[What the task requires]: Please print nothing but the lines from the one containing "It is also what" to the final line below, exactly, and no pictures.

[Information shown]:
- - - - - - -
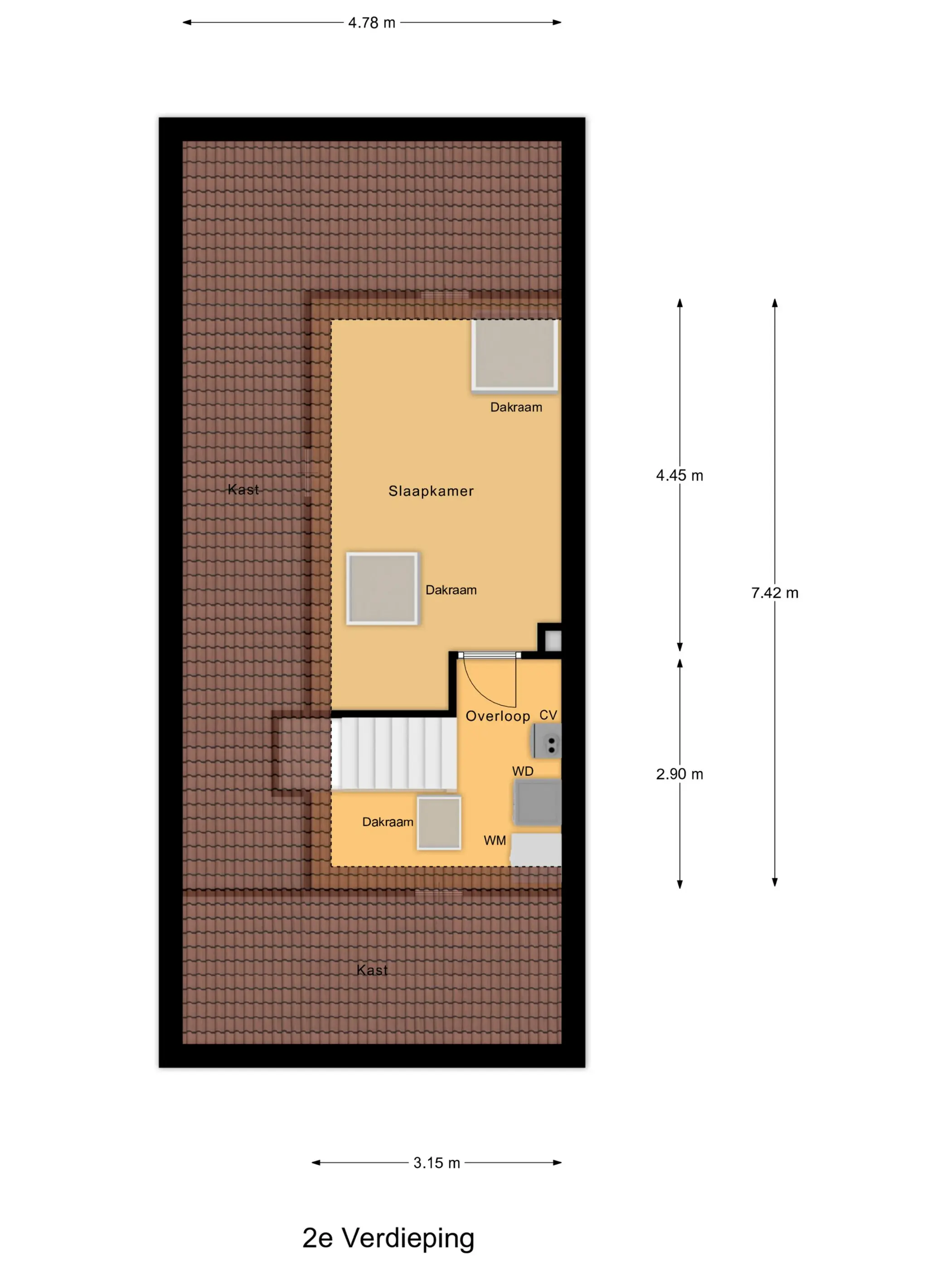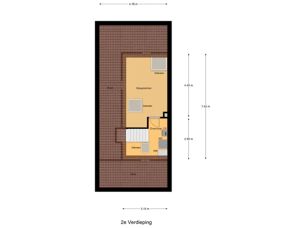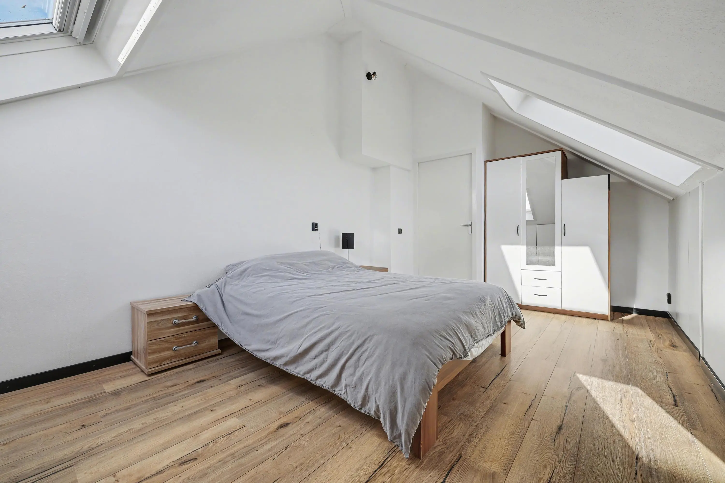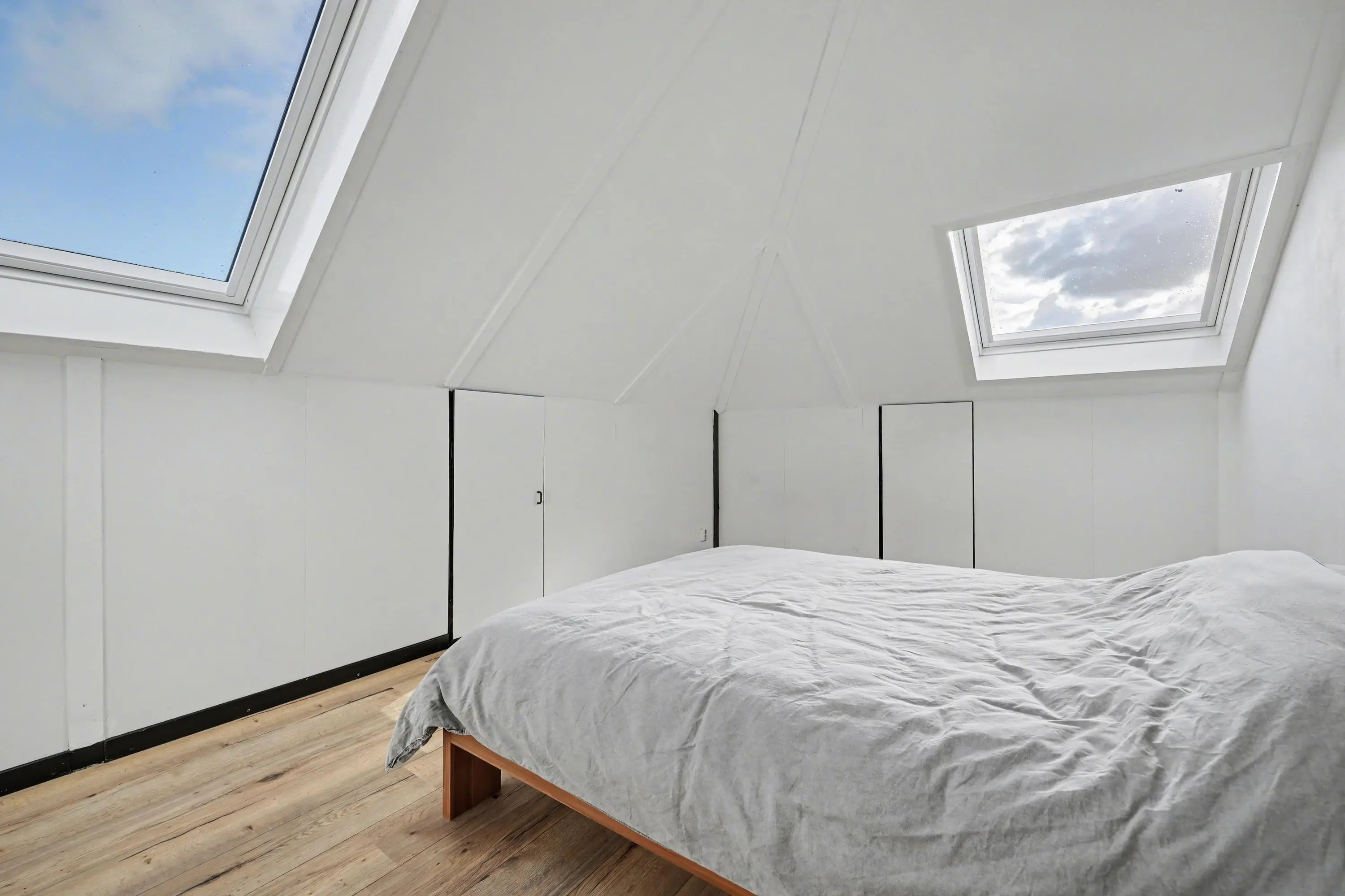 Slaapkamer met 2 dakramen en veel bergruimte in de kapkanten.
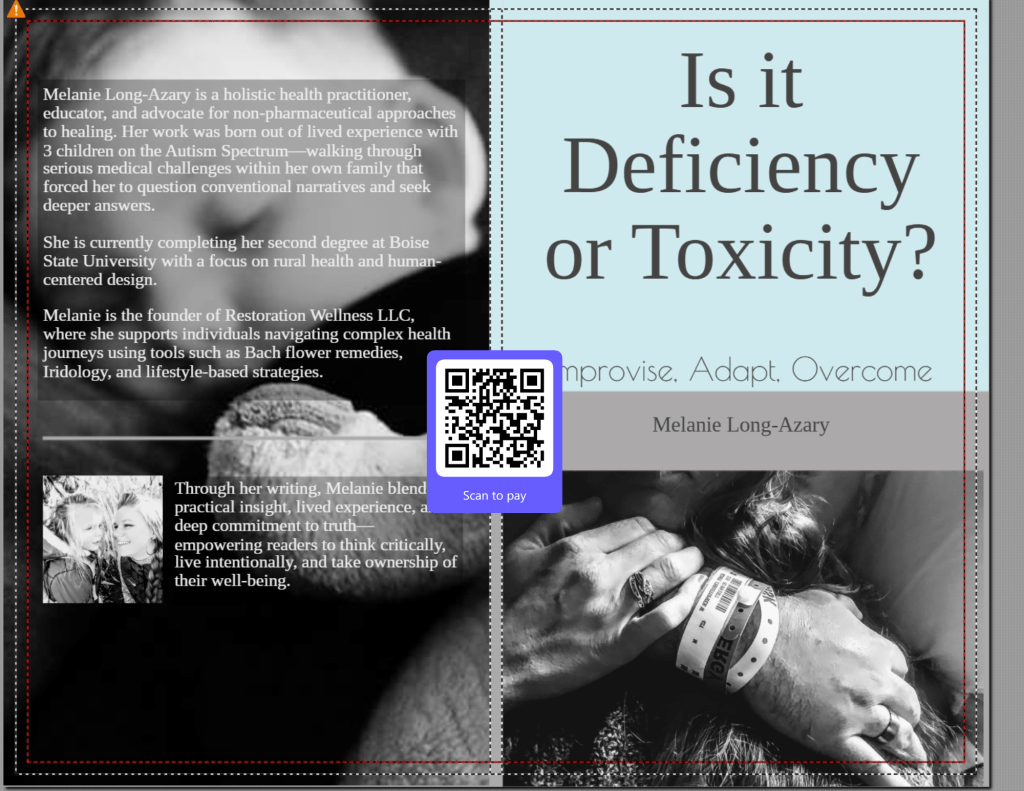 It is also what led me to write my first book, Is It Deficiency or Toxicity? Improvise. Adapt. Overcome. Alongside it, I created a 100-page Bach Flowers Coloring and Reflection Workbook, because understanding the body is not only physical. It is emotional. It is reflective. It requires us to slow down long enough to notice what we may have overlooked.
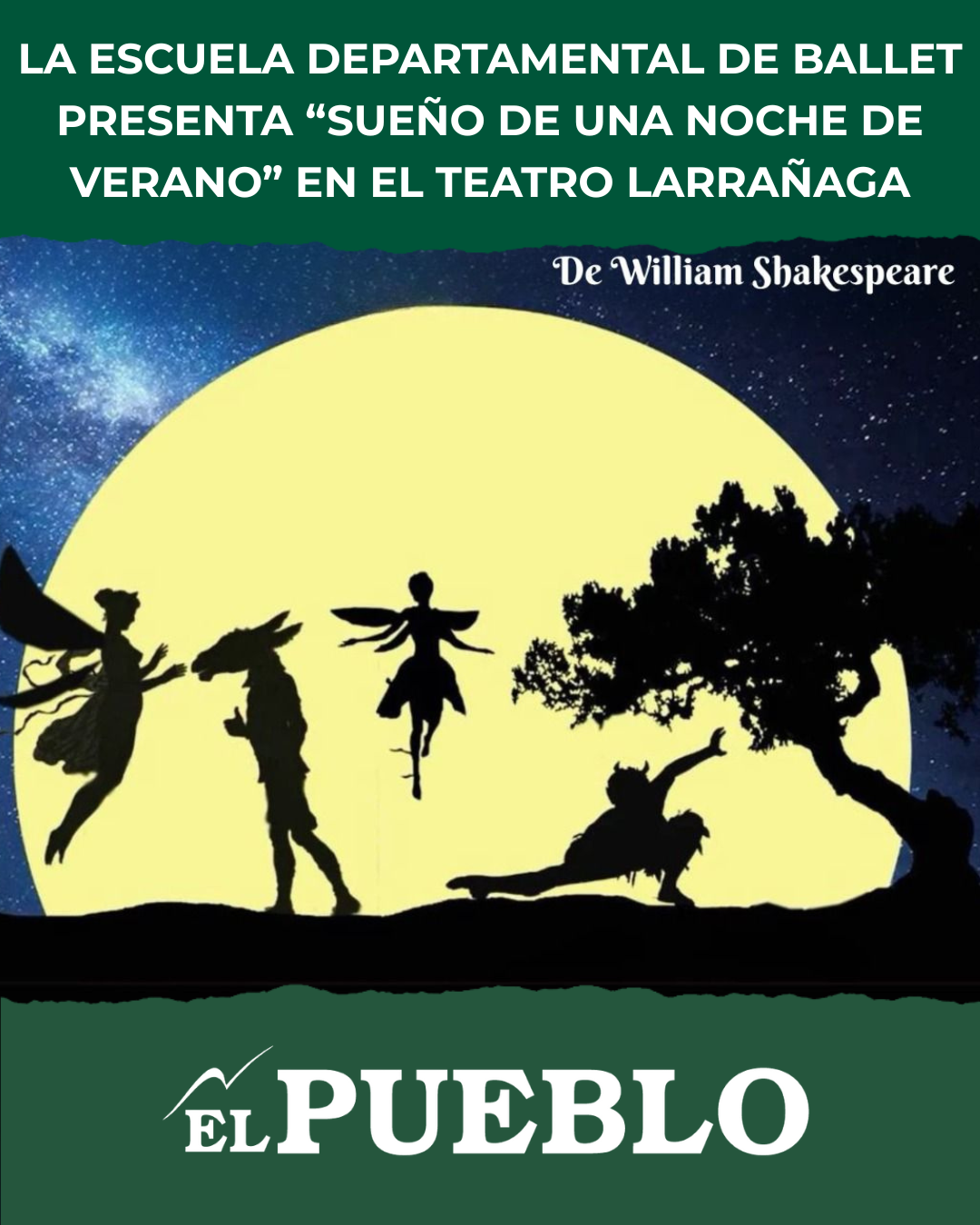 La Escuela Departamental de Ballet de Salto presentará el viernes 12 de diciembre, a las 20:00 horas, la obra “Sueño de una Noche de Verano”, inspirada en el clásico de William Shakespeare.
- - - - - - -
[Answer space]:
 It is also what led me to write my first book, Is It Deficiency or Toxicity? Improvise. Adapt. Overcome. Alongside it, I created a 100-page Bach Flowers Coloring and Reflection Workbook, because understanding the body is not only physical. It is emotional. It is reflective. It requires us to slow down long enough to notice what we may have overlooked.
 La Escuela Departamental de Ballet de Salto presentará el viernes 12 de diciembre, a las 20:00 horas, la obra “Sueño de una Noche de Verano”, inspirada en el clásico de William Shakespeare.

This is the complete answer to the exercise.